Sorry, said Ferra, but I swallowed them.
Lilly-Anne was declared alive. Ferra was told to follow a male nurse in teal into Lilly-Anne’s hospital room. Ferra did not want to go. She went.
Lilly-Anne was propped up on a mountain of pillows so pale they matched her skin. Her healthy blond hair was sweaty and mouse brown. Ferra found herself self-consciously pushing her own yam-colored hair behind her ears.
Lilly-Anne glanced her way.
Good morning, said Ferra. The greeting was inaccurate but served to cast a glow. The glow was colorful hair clips, construction paper, and glasses of milk. Lilly-Anne did not smile but she felt the glow. It made her feel like a child again for a split second.
I think you were injured, said Ferra. Or maybe you didn’t eat breakfast.
She paused.
I could make you some breakfast.
It was a statement glazed in pride.
Lilly-Anne did not respond. She looked at Ferra for a long moment. Ferra sat on the edge of Lilly-Anne’s bed and smiled friendly-like
There was a piece of paper pinned to the front of Screw it On several days later that only a few people took notice of. The paper was thin and grey and had been printed out from a black and white printer with a scratch on the glass that left a lighting bolt shape on the paper, obscuring several vital letters. The notice was almost impossible to read but if you squinted your eyes would fill in the missing letters.

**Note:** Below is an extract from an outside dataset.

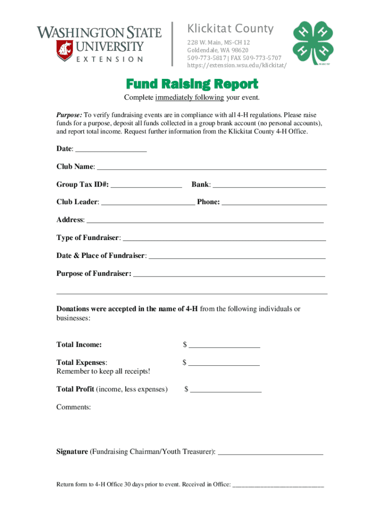 Klickitat County 228 W. Main, MSCH 12 Goldendale, WA 98620 5097735817 FAX 5097735707 https://extension.wsu.edu/klickitat/Fund Raising Report Complete immediately following your event. Purpose: To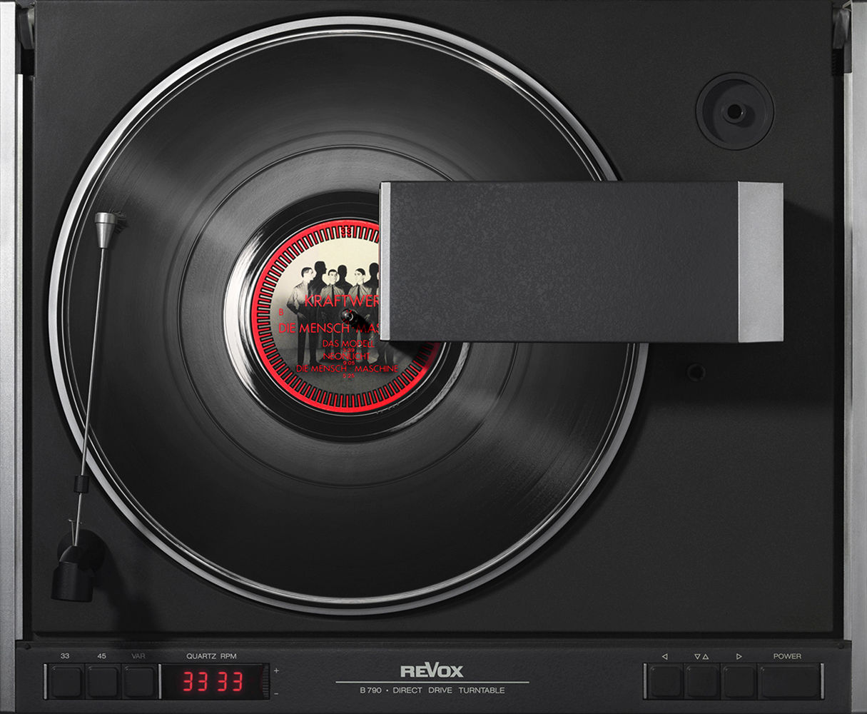 Ogni solco, ogni etichetta nota, ogni componente del braccio è sovradimensionato e quindi quasi tangibile. La speciale luce che Kai Schäfer ha sviluppato per i WORLDRECORDS contribuisce molto a rendere questi effetti reali.

The building manager did this. He stared at the sign with a scowl on his face. The scowl was meant to resemble the expression of Dust Bowl-era sharecropper. The building manager hoped that this sort of expression would Mean Something; if not now, then some day.
Recalled, said the notice, all coded padlocks due to nonsense.

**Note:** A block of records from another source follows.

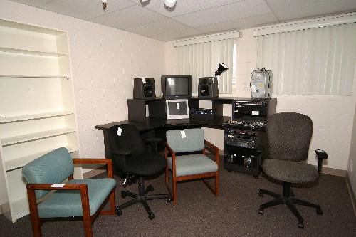 Pro Tools editing workstation - incl. Pro Tools editing rig (PowerMac G4 with Aurora fuse and Mix core cards, Digidesign 882/20 channel I/O, 17" CRT monitor), Sony PVM-2030 monitor, KRK KROK speakers, Rane SM82 line mixer, Symetrix 420 20W amp, Horita RM50 black burst, JVC VCR BR-S525DXU, SCSI 7 bay (2 wide/2 narrow), workdesk with Furman PL-Plus Power Conditioner and patch bay, 5 chairs, bookcase - room 209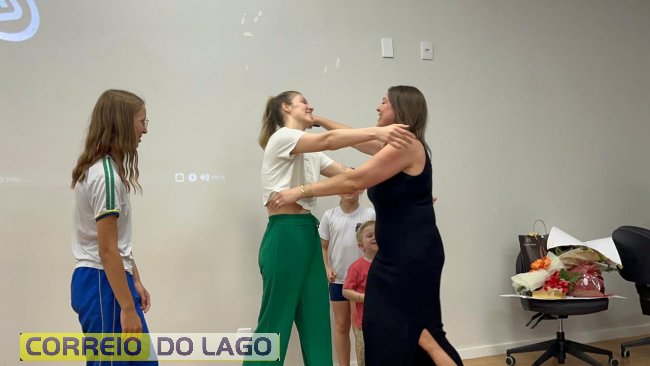 Durante a recepção, vídeos com mensagens de carinho foram exibidos para toda a comunidade escolar, incluindo declarações emocionantes de colegas e até de sua primeira professora. A família de Michele também esteve presente nesse momento especial, que foi marcado por presentes, abraços e muita emoção. Emocionada, a educadora compartilhou com crianças e adolescentes as experiências vividas ao longo dos 30 dias fora do país, sendo três semanas dedicadas à formação pedagógica intensiva.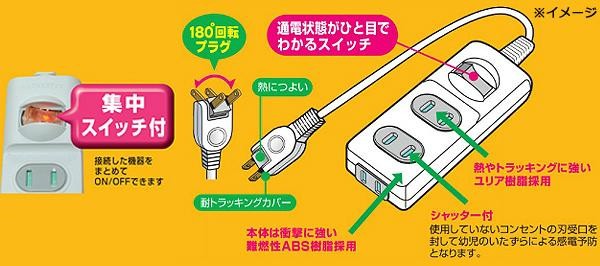 集中スイッチ付ですので、プラグを抜かずに使用機器を一斉にON/OFFできます。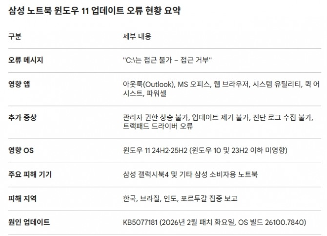 2월 보안 업데이트 KB5077181 설치 뒤 '접근 거부' 오류 속출… 한국·브라질 등 4개국 피해 집중
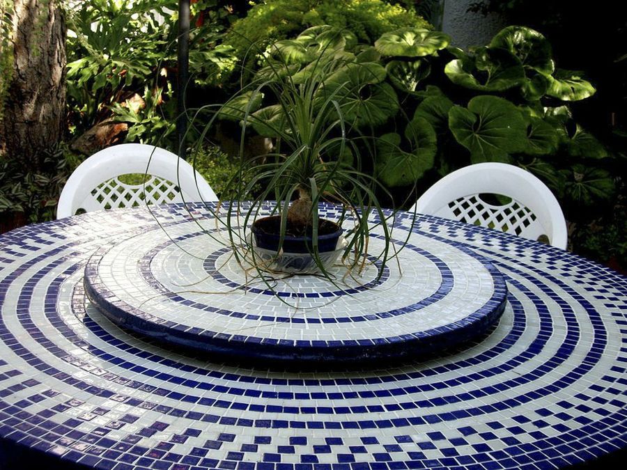 Otra cerámica muy común en baños y piscinas, el gresite, también destaca como adorno para muebles. Y la mejor muestra es la celebrada mesa de Zenaida a partir de una bobina de cable. Para mayor comodidad de los comensales, el elemento central es giratorio.

Fuck, said the business manager, and he spit a small piece of phlegm at the sign.
We’re fine, said Lilly-Anne, We’re fine. We’re alright.
Thank you, she said, I could have died. My baby could have died.
Lilly-Anne touched her stomach to indicate the presence of something within it. Ferra nodded. She could not nod like a woman who understood but she could nod like a woman who could grasp a concept so she did.
In any case, said Ferra, I apologize for any confusion on my part. Or yours, she added to even things out.
Yes, said Lilly-Anne.
I don’t know what’s wrong with me, said Ferra. Probably a lot.
Lilly-Anne smiled (sickly but surprisingly warm) and leaned forward to kiss Ferra on the forehead with parched lips.
Fuck, said the building manager again, I thought I’d discovered something new.